Деревенские своих домов еще никогда не поджигали.
И Феликс уедет не вдруг. Он как-то незаметно повзрослел, думает Паула. Она, конечно, понимает, что их отношения изменились, но мысли о разлуке не допускает.
Не допускать, чтобы тебя покинули.
Когда Паула, нагруженная книгами и ящиком формуляров, появляется в доме для престарелых, там пьют кофе. Уже знакомые стариковские лица склонились над чашечками кофе и тортом. Угощает стариков весьма общительный муниципальный советник, которому никак не откажешь в оптимизме. Небесные кущи здесь никому сулить не надо, старикам и без того до неба рукой подать, окончательно и бесповоротно.

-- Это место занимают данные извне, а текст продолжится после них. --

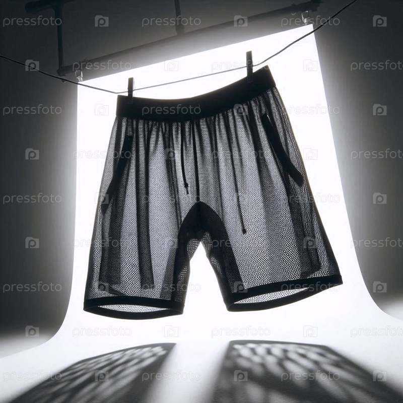 Пара макета спортивных шортов с черной сеткой, подвешенная в воздухе против лайтбокса, Ai generated image

Вот он и держится с ними как сын, только, конечно, не блудный.
От кофе с тортом Паула не отказывается. Очищенный от кофеина, напиток безвреден для изношенных сердец.
Заведующая, у которой руки хищные, под стать подбородку, опять в цветастой блузке с эмалевой рыбкой. Но на сей раз запах кофе перебивает запах мастики. А уж о сирени и вовсе думать нечего.
Один из стариков спрашивает Паулу, может ли она объяснить, почему он, железнодорожный рабочий, целых тридцать лет, пока не вышел на пенсию, должен был молотком простукивать на станции вагонные колеса.